**Task details**.
Search the records for the line with "招股书显示,报告期内,应收账款结构以 1 年以内为主。2014". Output that line and each line after it, exactly, and stop at the end; omit pictures.

**Dataset excerpts**.
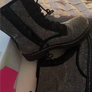 Stylish black combat boots with sparkling rhinestones. Perfect for a bold look.
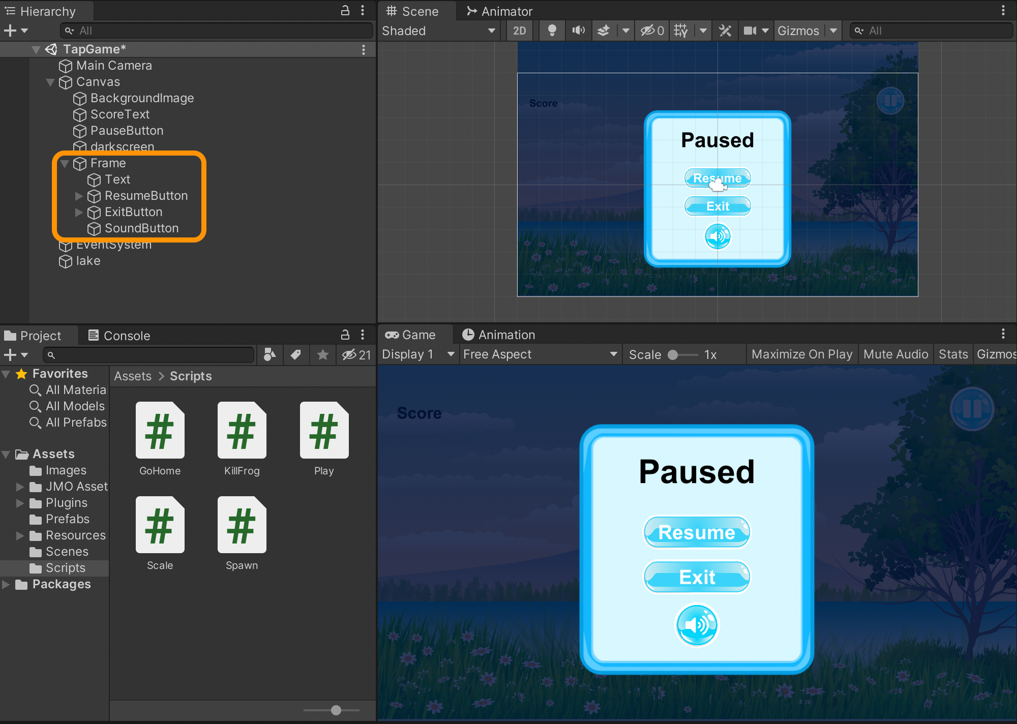 For the resume button, we need to reverse what we did for the pause button; set the dark screen and the frame to be inactive, set isPause to 0, and start the coroutine again. Write the following code in the “Spawn” script...
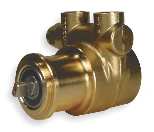 Rotary Vane Pump, Flow Rate - Maximum 140 gph, Feet of Head - Maximum 6 ft of head, Mounting Type Carbonator Clamp, Compatible Motor Frame 48Y NEMA, Media Intake Connection Size 3/8 in, Media Intake Connection Type FNPT, Discharge Connection Size 3/8 in, Discharge Connection Type NPT, Vane Material Carbon, Includes Filter No, Filter Rating - Maximum Not Applicable, For Media Type No, NSF 169 Listed Yes, Operating Pressure - Maximum 150 psi, Operating Temperature - Minimum -4 Degrees F
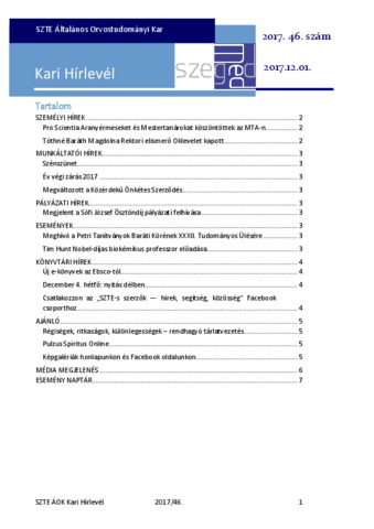 SZTE Általános Orvostudományi Kar hírlevél (2017) 46.sz.
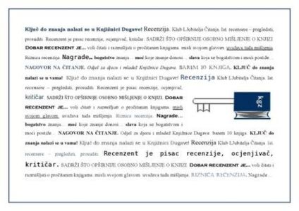 Pridružite nam se u pisanju recenzija knjiga zadanih u ovogodišnjem Nacionalnom kvizu za poticanje čitanja, ali i knjiga po vašem izboru. Sve ćemo recenzije urediti i postaviti na našu stranicu te u Riznicu recenzija. Na završnoj svečanosti Nacionalnog kviza koja će se održati 15. studenog u 12:00 sati u Nacionalnoj i sveučilišnoj knjižnici svoje će recenzije čitati recenzentice, Ana, Irena i Maša, učenice četvrtog razreda OŠ Frana Galovića i OŠ Dominik Savio.
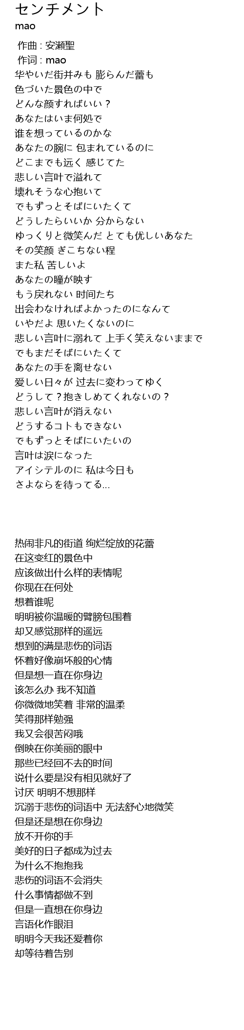 | [03:36.432] | どうして?抱きしめてくれないの? |
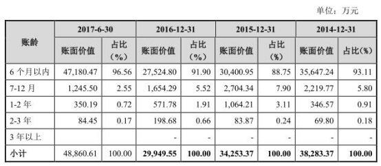 招股书显示,报告期内,应收账款结构以 1 年以内为主。2014 年-2017 年1-6月,公司 1 年以内的应收账款比例分别为 98.91%、96.65%、97.43%和 99.11%,账龄结构合理。
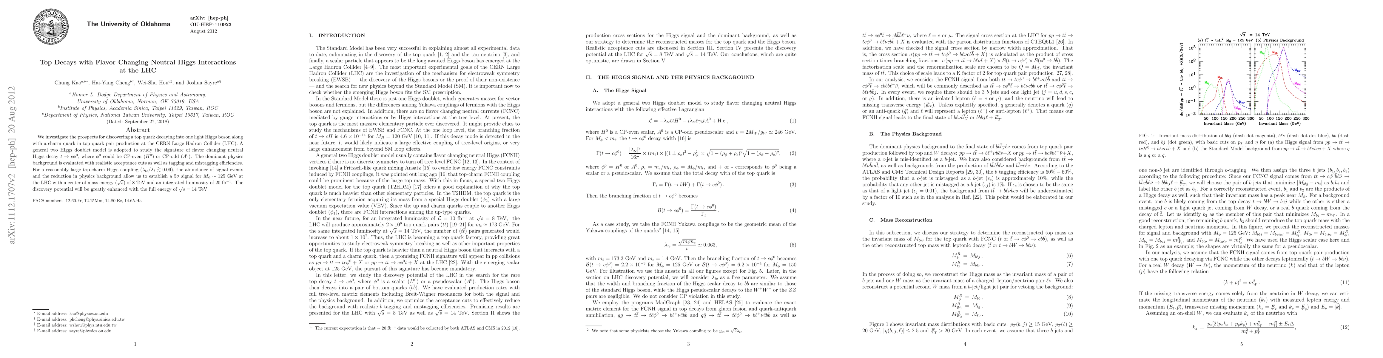 We investigate the prospects for discovering a top quark decaying into one light Higgs boson along with a charm quark in top quark pair production at the CERN Large Hadron Collider (LHC). A general two Higgs doublet model is adopted to study the signature of flavor changing neutral Higgs decay $t \to c\phi^0$, %or $\bar{t} \to \bar{c}\phi^0$ where $\phi^0$ could be CP-even ($H^0$) or CP-odd ($A^0$). The dominant physics background is evaluated with realistic acceptance cuts as well as tagging and mistagging efficiencies. For a reasonably large top-charm-Higgs coupling ($\lambda_{tc}/\lambda_{t} \agt 0.09$), the abundance of signal events and the %that our acceptance cuts reduction in physics background allow us to establish a $5\sigma$ signal for $M_\phi \sim 125$ GeV at the LHC with a center of mass energy ($\sqrt{s}$) of 8 TeV and an integrated luminosity of 20 fb$^{-1}$. The discovery potential will be greatly enhanced with the full energy of $\sqrt{s} = 14$ TeV.
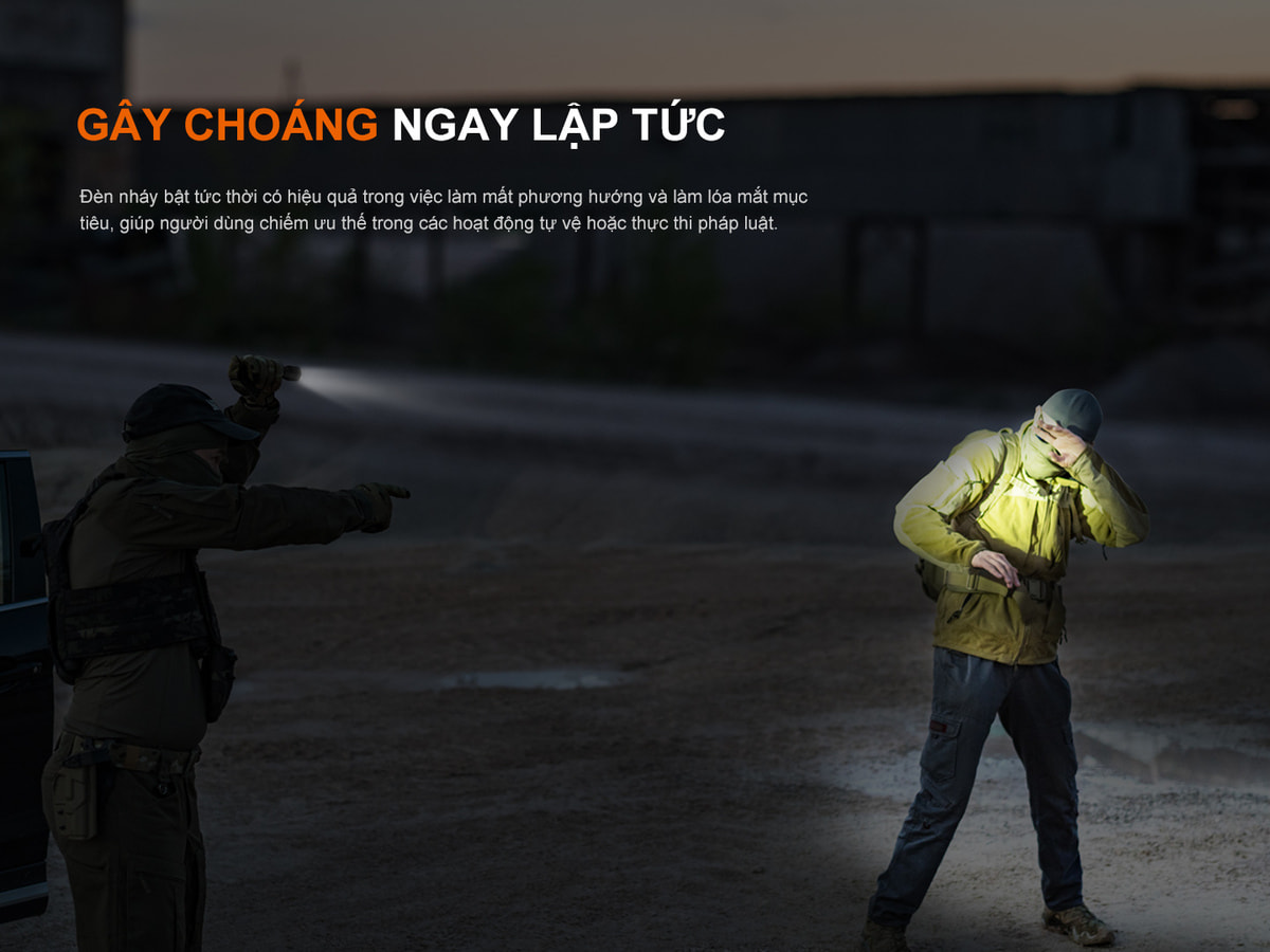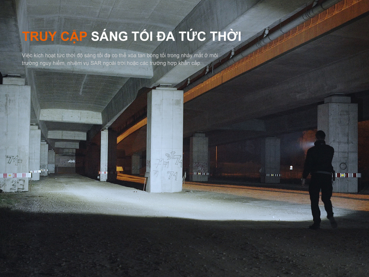 Fenix TK17 được trang bị 4 chế độ sáng: Low – Medium – High – Burst, kết hợp thêm chế độ Strobe truy cập cực nhanh chỉ với một cú nhấn. Tính năng này không chỉ hữu ích trong việc phát tín hiệu hay cảnh báo khẩn cấp, mà còn có giá trị chiến thuật cao khi dùng để trấn áp hoặc tự vệ trong những tình huống bất ngờ.
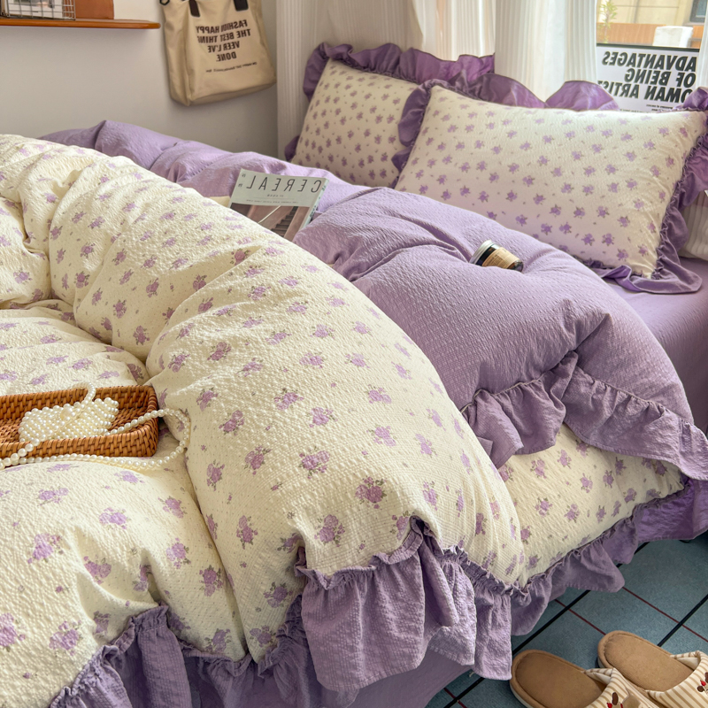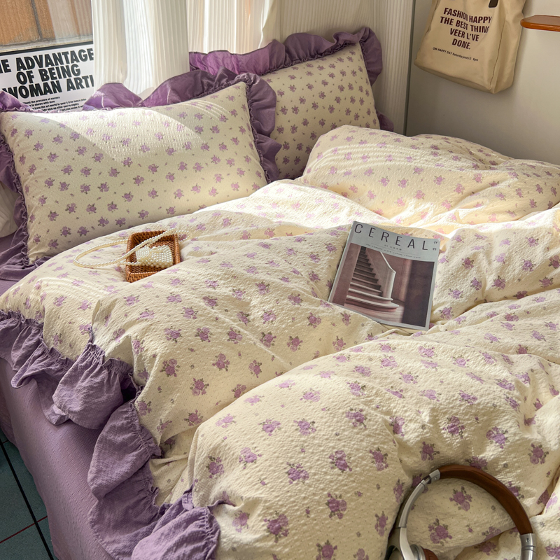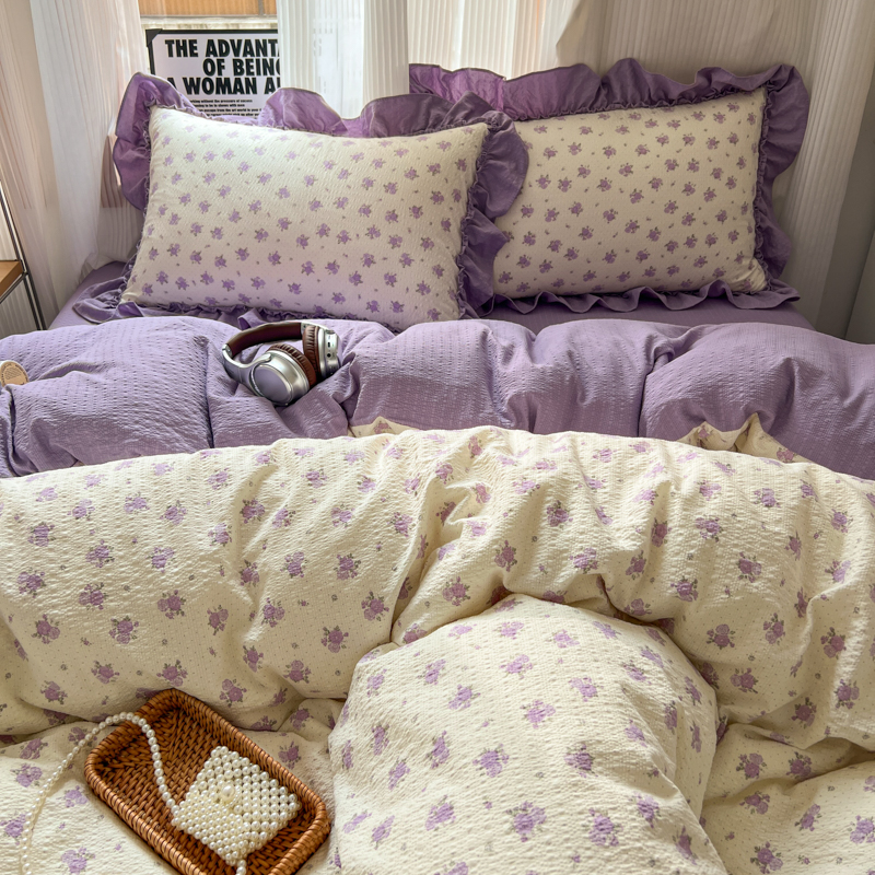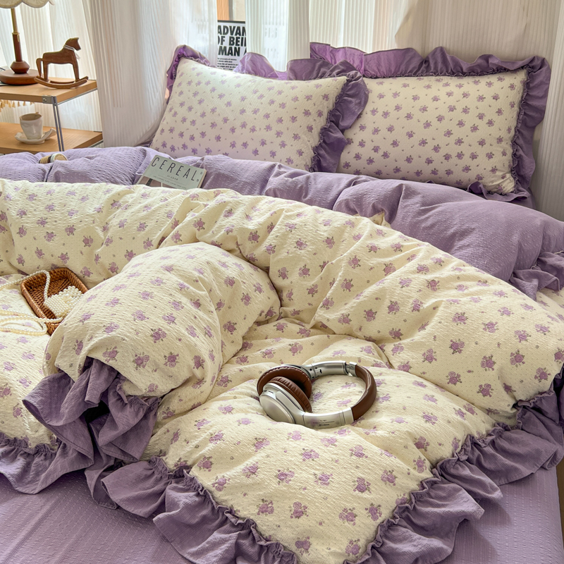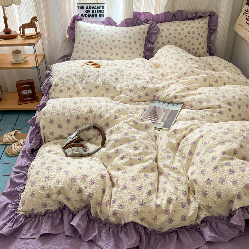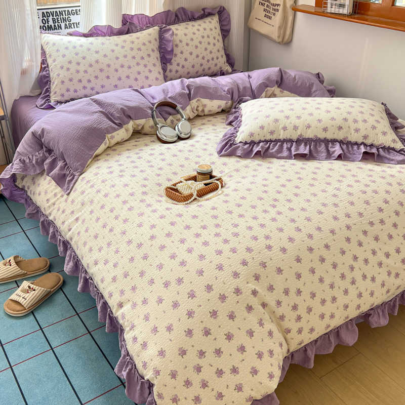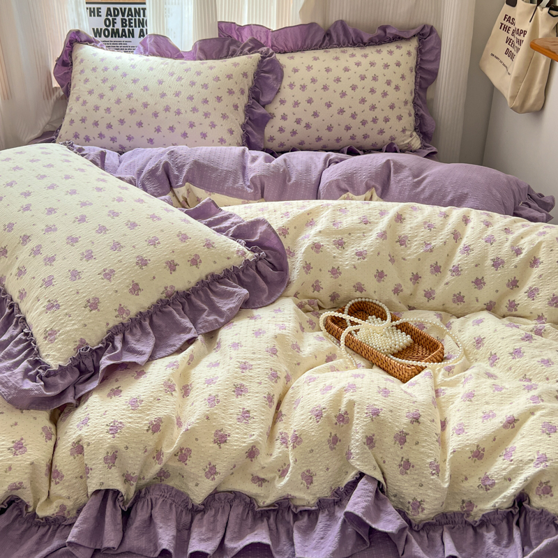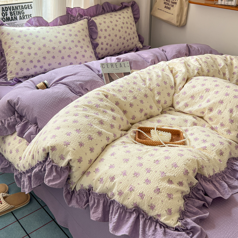 当前位置: 91家纺网 > 商品网购 > 床品套件 > 四件套 > 化纤活性四件套 > 2026新款泡芙纱花边四件套 紫苏
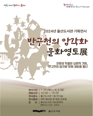 울산도서관은 25일부터 9월 8일까지 1층 전시실에서 ‘반구천의 암각화, 문화영토전(展)’을 개최한다고 밝혔다.
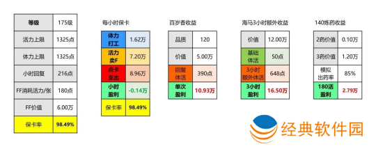 单开175级玩家总结体力、活力的各种收益,包含卖符和140级炼药。用百岁香和海**额外收益。讲述了每小时如何保点卡,仅供参考,希望对大家有帮助。

**Answer space**.
 招股书显示,报告期内,应收账款结构以 1 年以内为主。2014 年-2017 年1-6月,公司 1 年以内的应收账款比例分别为 98.91%、96.65%、97.43%和 99.11%,账龄结构合理。
 We investigate the prospects for discovering a top quark decaying into one light Higgs boson along with a charm quark in top quark pair production at the CERN Large Hadron Collider (LHC). A general two Higgs doublet model is adopted to study the signature of flavor changing neutral Higgs decay $t \to c\phi^0$, %or $\bar{t} \to \bar{c}\phi^0$ where $\phi^0$ could be CP-even ($H^0$) or CP-odd ($A^0$). The dominant physics background is evaluated with realistic acceptance cuts as well as tagging and mistagging efficiencies. For a reasonably large top-charm-Higgs coupling ($\lambda_{tc}/\lambda_{t} \agt 0.09$), the abundance of signal events and the %that our acceptance cuts reduction in physics background allow us to establish a $5\sigma$ signal for $M_\phi \sim 125$ GeV at the LHC with a center of mass energy ($\sqrt{s}$) of 8 TeV and an integrated luminosity of 20 fb$^{-1}$. The discovery potential will be greatly enhanced with the full energy of $\sqrt{s} = 14$ TeV.
 Fenix TK17 được trang bị 4 chế độ sáng: Low – Medium – High – Burst, kết hợp thêm chế độ Strobe truy cập cực nhanh chỉ với một cú nhấn. Tính năng này không chỉ hữu ích trong việc phát tín hiệu hay cảnh báo khẩn cấp, mà còn có giá trị chiến thuật cao khi dùng để trấn áp hoặc tự vệ trong những tình huống bất ngờ.
 当前位置: 91家纺网 > 商品网购 > 床品套件 > 四件套 > 化纤活性四件套 > 2026新款泡芙纱花边四件套 紫苏
 울산도서관은 25일부터 9월 8일까지 1층 전시실에서 ‘반구천의 암각화, 문화영토전(展)’을 개최한다고 밝혔다.
 单开175级玩家总结体力、活力的各种收益,包含卖符和140级炼药。用百岁香和海**额外收益。讲述了每小时如何保点卡,仅供参考,希望对大家有帮助。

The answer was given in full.